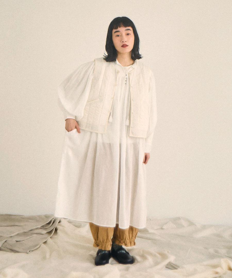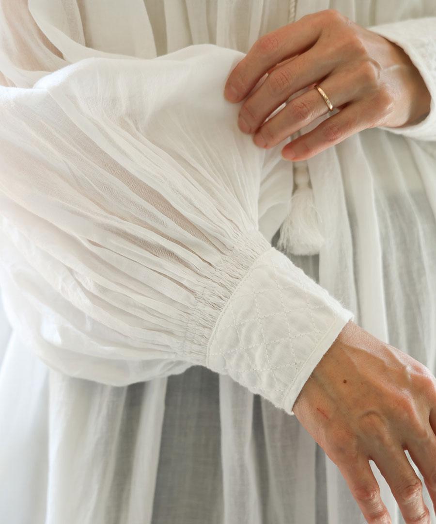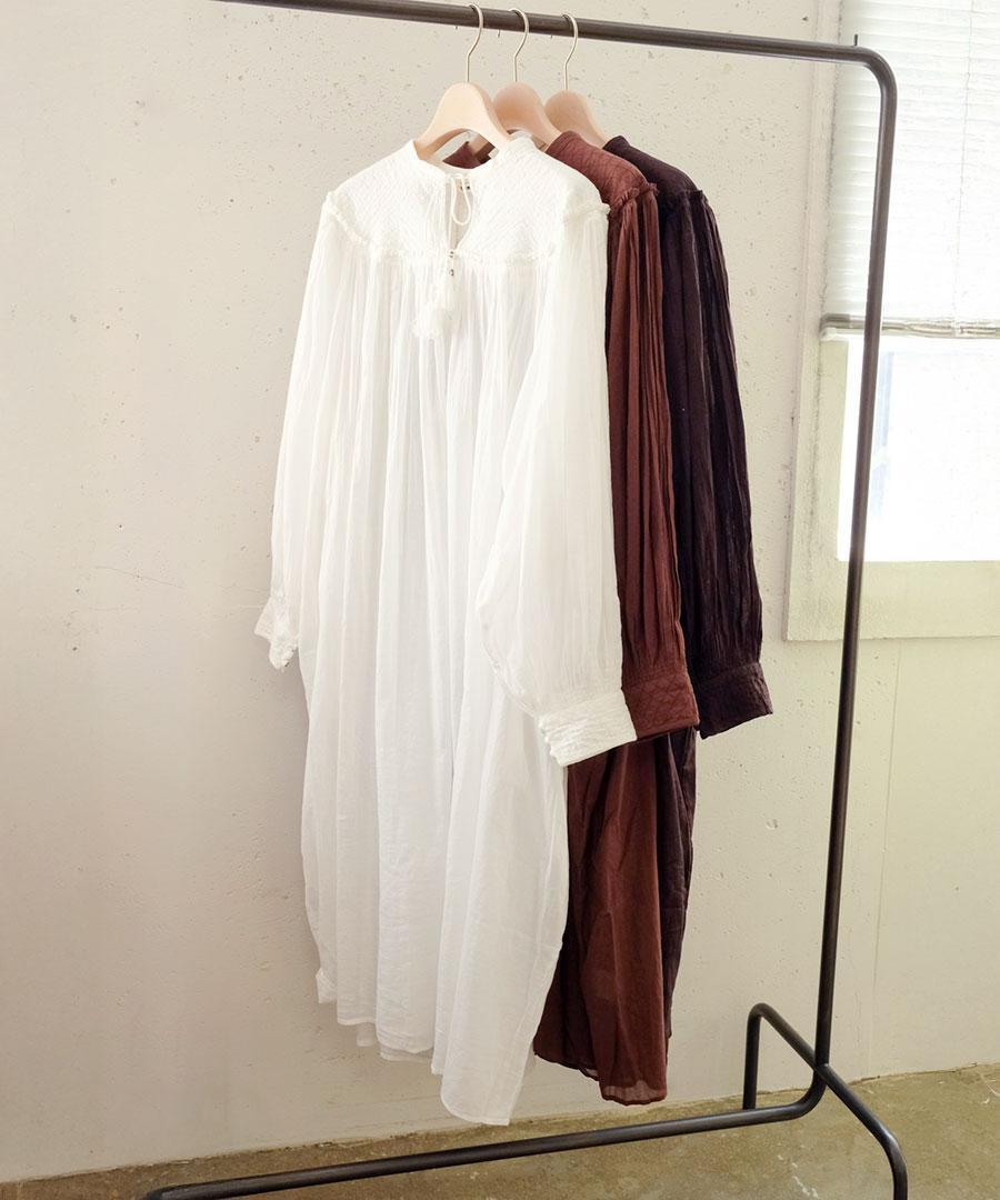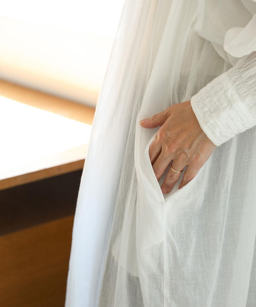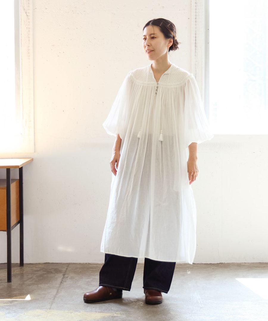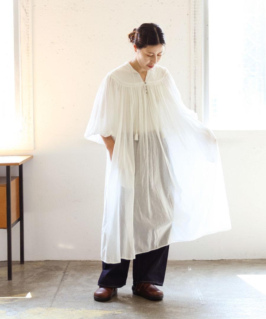 上質なインド製カディコットンを贅沢に使用した、ボリュームたっぷりのワンピース。
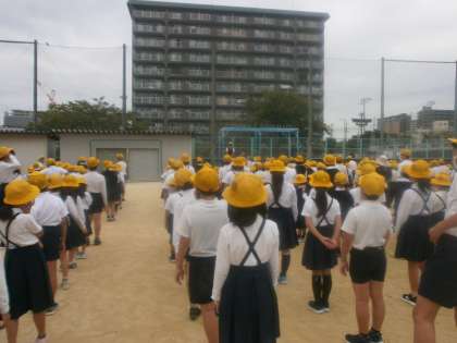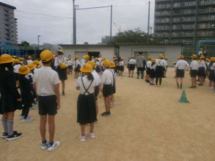 2学期も集会委員会が、たてわり班でなかよく楽しく活動できるゲームを企画し進めています。今日のゲームは、班で円になってしりとりをしながらボールを回すゲームでした。しりとりでつまっている低学年に高学年が優しく教えている姿が見られました。全校オリエンテーリングに向けて班の結束が高まるとよいなと思います。
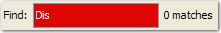 If no items match the current search string, the background of the Find field is displayed in red and "0 matches" is displayed.

- - - - -

What you are asked to do:
One exact copy of the data is required, and it should hold no pictures.

Result:
 上質なインド製カディコットンを贅沢に使用した、ボリュームたっぷりのワンピース。
 2学期も集会委員会が、たてわり班でなかよく楽しく活動できるゲームを企画し進めています。今日のゲームは、班で円になってしりとりをしながらボールを回すゲームでした。しりとりでつまっている低学年に高学年が優しく教えている姿が見られました。全校オリエンテーリングに向けて班の結束が高まるとよいなと思います。
 If no items match the current search string, the background of the Find field is displayed in red and "0 matches" is displayed.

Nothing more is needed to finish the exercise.